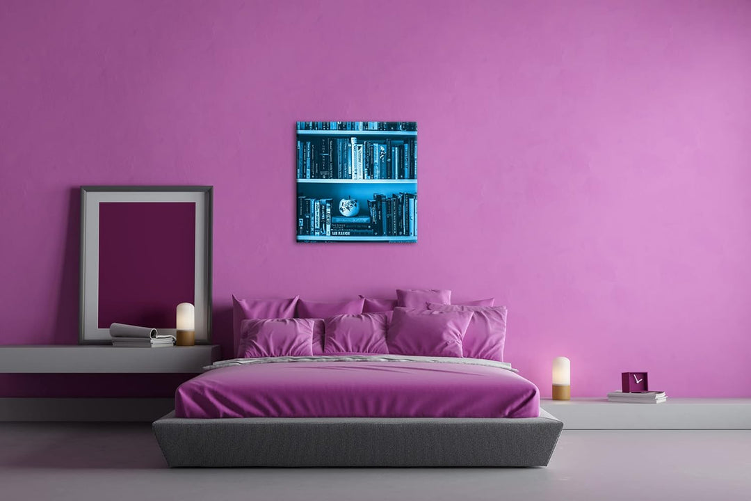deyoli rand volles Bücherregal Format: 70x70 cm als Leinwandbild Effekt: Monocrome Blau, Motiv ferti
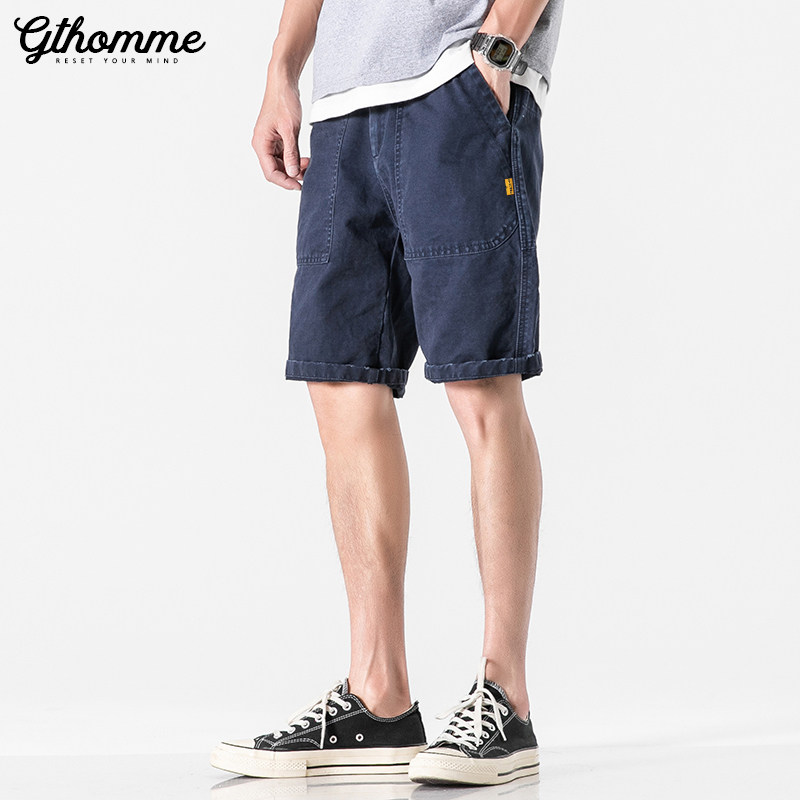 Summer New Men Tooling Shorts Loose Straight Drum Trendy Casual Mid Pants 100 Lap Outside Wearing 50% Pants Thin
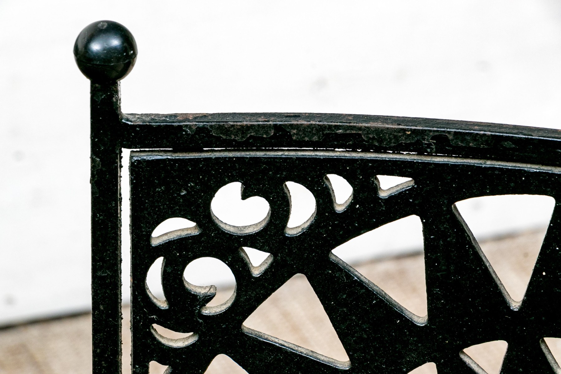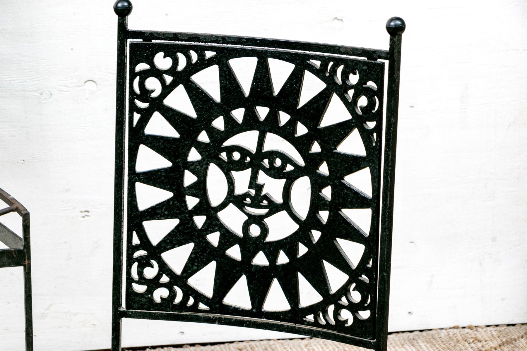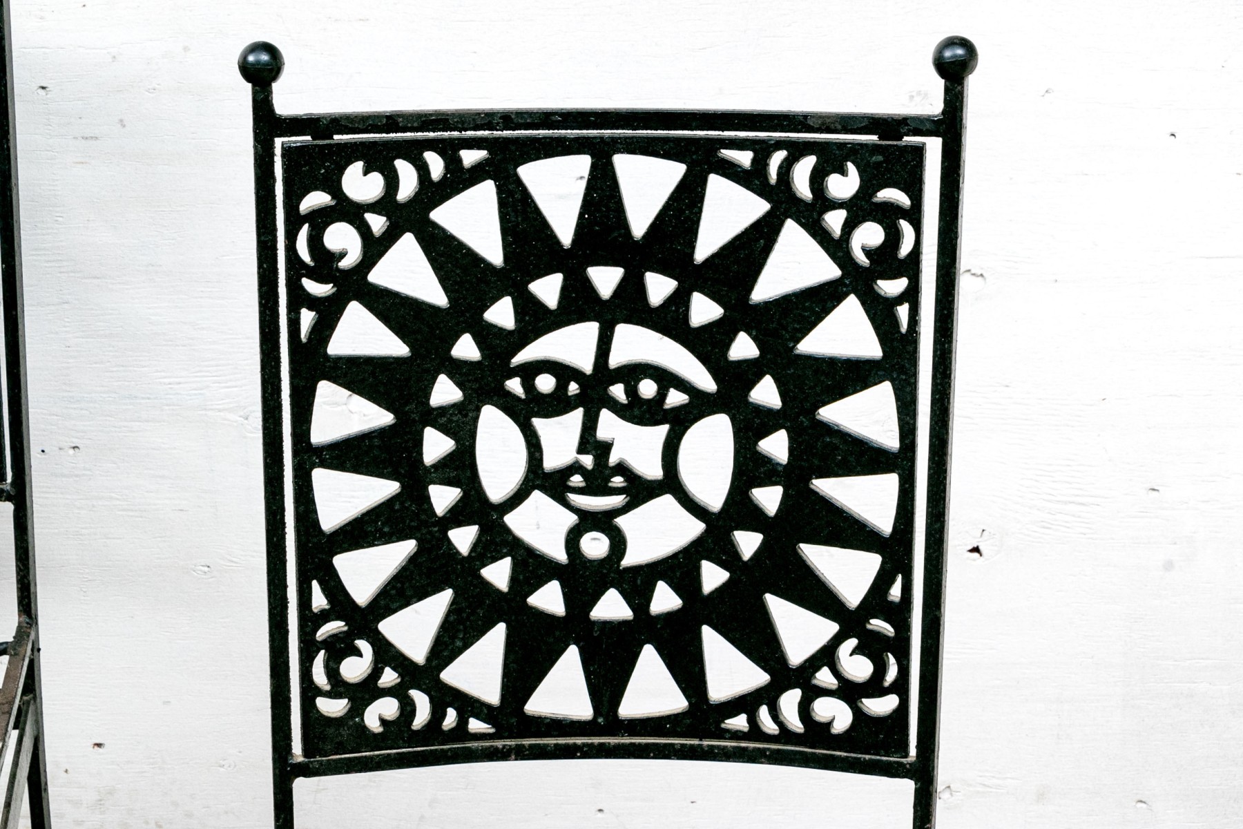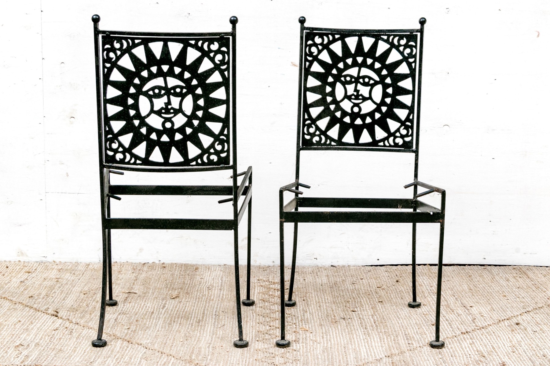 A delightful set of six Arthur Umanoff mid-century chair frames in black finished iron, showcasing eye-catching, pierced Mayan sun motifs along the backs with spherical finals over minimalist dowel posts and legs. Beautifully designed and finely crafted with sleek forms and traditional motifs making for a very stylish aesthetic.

* * *

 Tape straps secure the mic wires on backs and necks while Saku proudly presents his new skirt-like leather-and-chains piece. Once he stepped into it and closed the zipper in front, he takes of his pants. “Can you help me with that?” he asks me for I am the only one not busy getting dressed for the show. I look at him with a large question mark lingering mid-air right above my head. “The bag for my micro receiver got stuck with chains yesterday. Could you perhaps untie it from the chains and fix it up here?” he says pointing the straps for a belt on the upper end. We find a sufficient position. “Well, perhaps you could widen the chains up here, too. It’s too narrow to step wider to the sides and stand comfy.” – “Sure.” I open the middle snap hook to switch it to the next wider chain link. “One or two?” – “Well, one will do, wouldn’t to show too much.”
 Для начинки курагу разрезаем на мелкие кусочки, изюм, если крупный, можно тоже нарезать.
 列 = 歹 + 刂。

▶ [TASK]:
Pictures aside, print exactly the lines above starting with the one containing "deyoli rand volles" and going on through the one containing "Summer New Men".

▶ [COMPLETED EXERCISE]:
deyoli rand volles Bücherregal Format: 70x70 cm als Leinwandbild Effekt: Monocrome Blau, Motiv ferti
 Summer New Men Tooling Shorts Loose Straight Drum Trendy Casual Mid Pants 100 Lap Outside Wearing 50% Pants Thin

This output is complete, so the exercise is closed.